The first main change to note will be the framework’s enhanced status. To give the NPF4 greater weight as it demands a fresh approach to addressing ambitious climate change targets, it will become part of the statutory development plan.  The importance of being part of the statutory development plan is that, going forward, the NPF4 along with the planning authority's Local Development Plan will be the starting point for the decision-making process. 

Planning decisions should be made in accordance with the statutory development plan unless material considerations indicate otherwise.  For example, if, for some reason, a planner feels as though the NPF4 policies are not suitable for the proposed development, they will need to outline the material considerations which justify their decision to depart from the specific NPF4 terms.

The document’s greater emphasis on the environment will also require planners to incorporate policies that improve Scotland’s ‘quality of place’. The Scottish Government’s ‘20 minute neighbourhood’ vision set out in their NPF4 Position Statement is a good example of this.

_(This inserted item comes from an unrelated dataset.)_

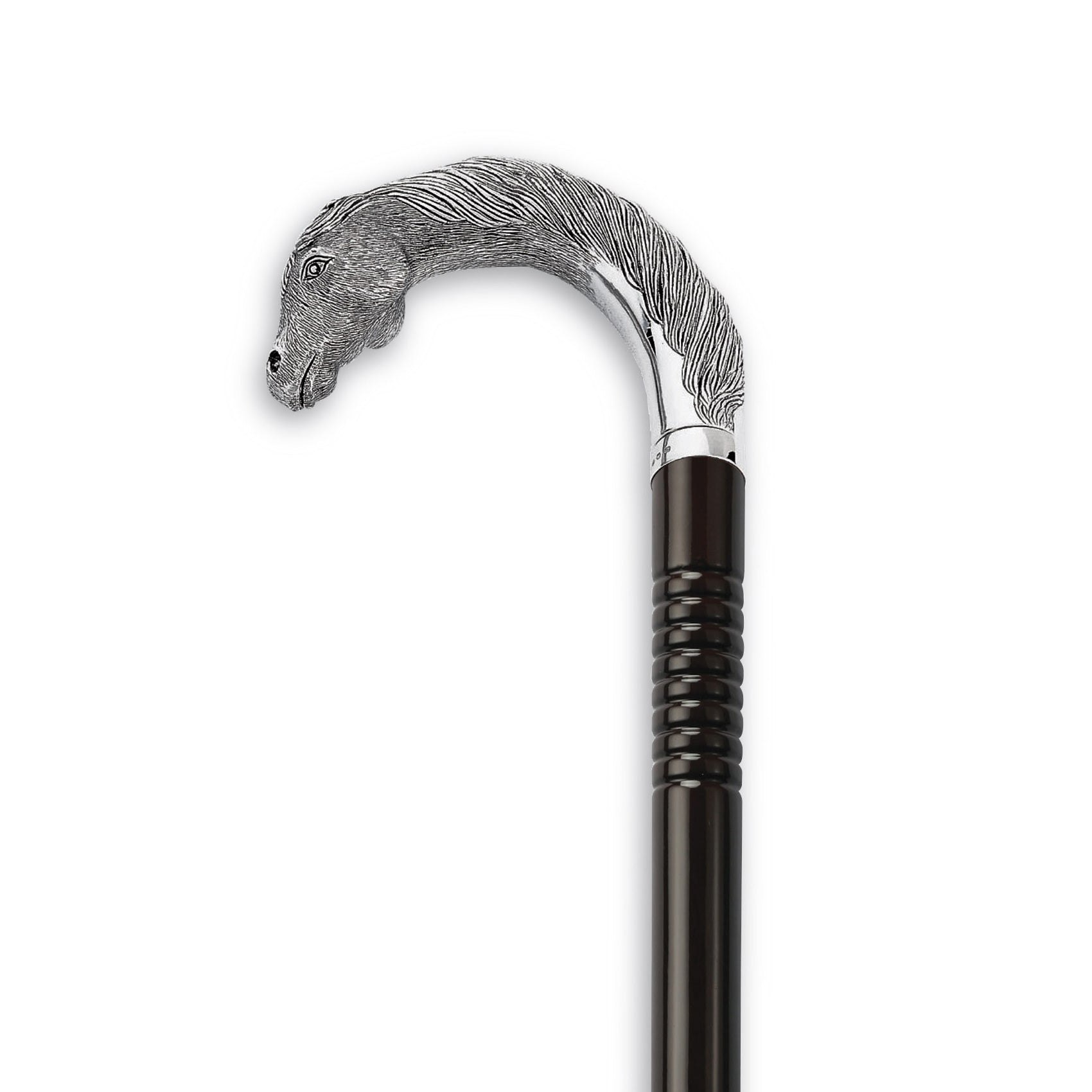 The Horse Walking Stick represents the energy of success, fame, freedom and speed. It features sturdy construction from durable materials like a solid hardwood shaft made of Burmese teak wood in a walnut gloss finish, a sterling silvertip and neck ring, and a silver-coated filled handle.

The vision encourages developments to significantly reduce the need to travel, outlining that homes should be planned together with everyday local infrastructure, such as schools, local shops and healthcare.

Akin to the same thinking, we can expect a strengthening of support for development in town centres along with restrictions on out-of-town retail and leisure development, to help Scotland move away from car-dependent developments and towards those that enable active travel and public transport accessibility.

The NPF4 will also focus on making the most of the old, before planning anything new. For example, with the new framework, there will be a stronger preference for reusing existing buildings before new development proceeds. The NPF4 will also aim to shift future development away from greenfield land by actively enabling the redevelopment of vacant and derelict land.

From the Scottish government to local government, the NPF4 will be a golden thread of planning policy running through to the Local Development Plans, and in turn, planning applications at all levels.  And as a Scottish Government document, it will allow the government greater levels of control when it comes to influencing the framework in which local decisions will need to be determined. This may well encourage greater consistency and clarity in the planning process, but it is nonetheless an element of the NPF4 that will create tensions, as it looks as though the Scottish Government will now set out terms and targets - such as housing numbers - that were previously decided on at a local level.

While it is understandable that the Scottish Government is keen to increase its efforts in tackling significant issues like housing delivery, the perceived centralisation of planning policy will be of concern to some. Local authorities will undoubtedly feel that they are best placed to determine what is best, and achievable, in their areas for housing delivery.

As the NPF4 asks planners to think about tomorrow, and how developments will enable zero carbon living to work in practice, many large-scale developers will find that they are ahead of the curve, already planning with the outlined policies in mind. But there will be a period of adjustment for others, and undoubtedly some questions for the Scottish Government, as we set about building a better, greener future for Scotland.